• _TO DO_
Output exactly, in the material below, the lines from the one with "Beyond《怀念你》吉他谱 - G调弹唱六线谱" through the one with "Sumac Lottery is". Omit all pictures.
+++ SOURCE DATA +++
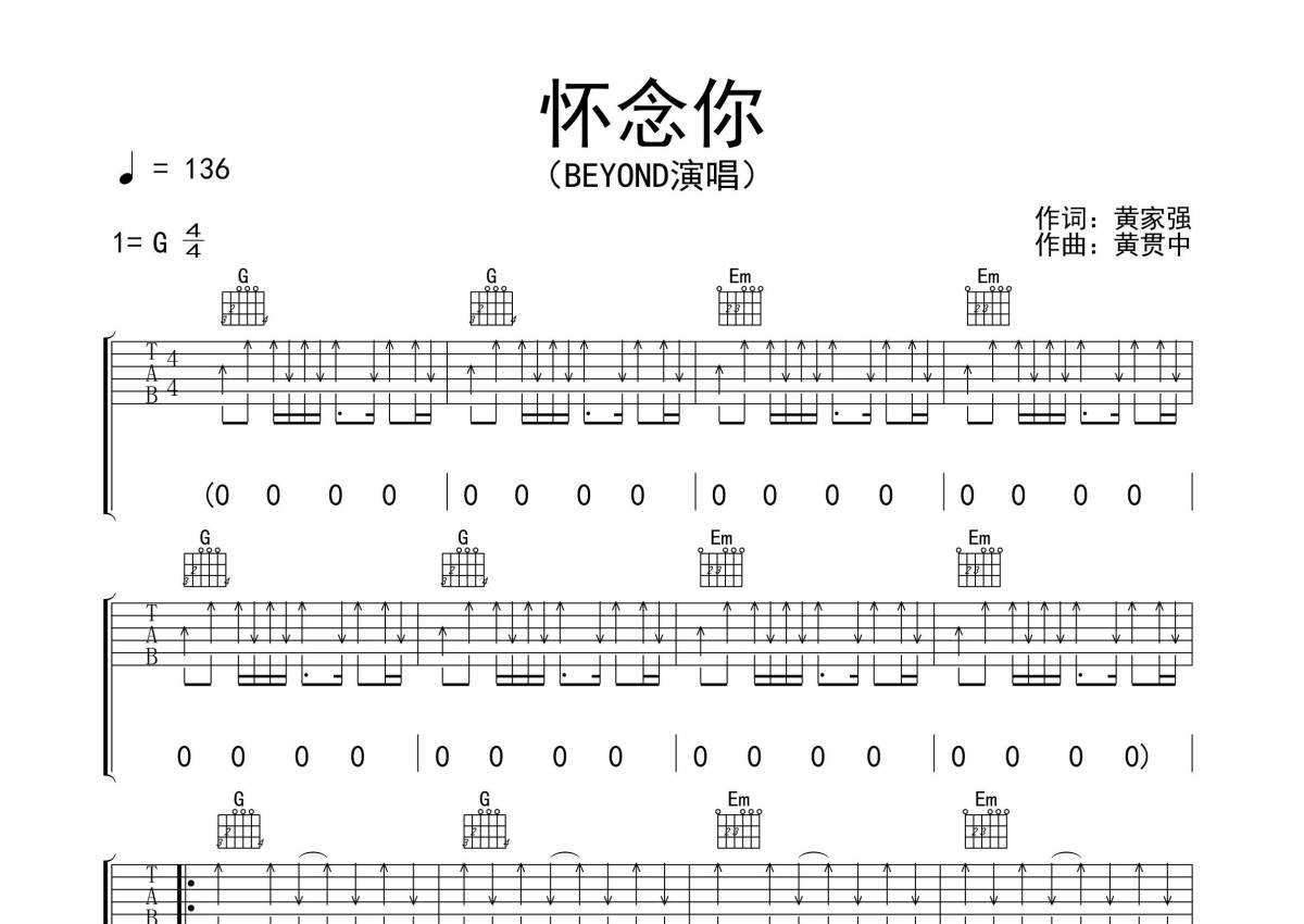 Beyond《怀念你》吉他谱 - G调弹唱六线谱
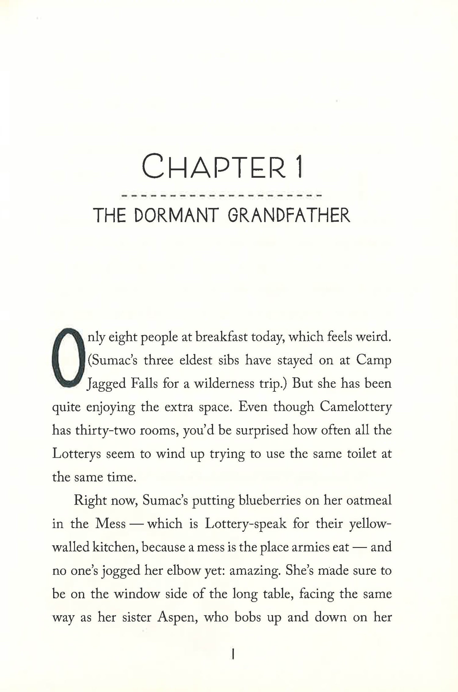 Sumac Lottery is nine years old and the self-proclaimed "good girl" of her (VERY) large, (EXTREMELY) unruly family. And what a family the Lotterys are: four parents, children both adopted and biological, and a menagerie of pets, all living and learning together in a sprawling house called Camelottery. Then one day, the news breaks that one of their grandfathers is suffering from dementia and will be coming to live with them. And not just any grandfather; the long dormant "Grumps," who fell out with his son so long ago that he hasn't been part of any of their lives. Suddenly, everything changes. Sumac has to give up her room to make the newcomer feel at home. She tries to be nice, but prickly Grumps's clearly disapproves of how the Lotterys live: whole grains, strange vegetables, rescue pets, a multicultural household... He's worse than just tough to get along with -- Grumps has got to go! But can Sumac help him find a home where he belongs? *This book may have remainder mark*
+++
+++ SOURCE DATA +++
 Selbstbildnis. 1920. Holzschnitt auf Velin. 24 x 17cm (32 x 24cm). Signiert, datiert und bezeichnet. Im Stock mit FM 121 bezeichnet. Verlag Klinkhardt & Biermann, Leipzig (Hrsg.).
+++
• _THE ANSWER_
 Beyond《怀念你》吉他谱 - G调弹唱六线谱
 Sumac Lottery is nine years old and the self-proclaimed "good girl" of her (VERY) large, (EXTREMELY) unruly family. And what a family the Lotterys are: four parents, children both adopted and biological, and a menagerie of pets, all living and learning together in a sprawling house called Camelottery. Then one day, the news breaks that one of their grandfathers is suffering from dementia and will be coming to live with them. And not just any grandfather; the long dormant "Grumps," who fell out with his son so long ago that he hasn't been part of any of their lives. Suddenly, everything changes. Sumac has to give up her room to make the newcomer feel at home. She tries to be nice, but prickly Grumps's clearly disapproves of how the Lotterys live: whole grains, strange vegetables, rescue pets, a multicultural household... He's worse than just tough to get along with -- Grumps has got to go! But can Sumac help him find a home where he belongs? *This book may have remainder mark*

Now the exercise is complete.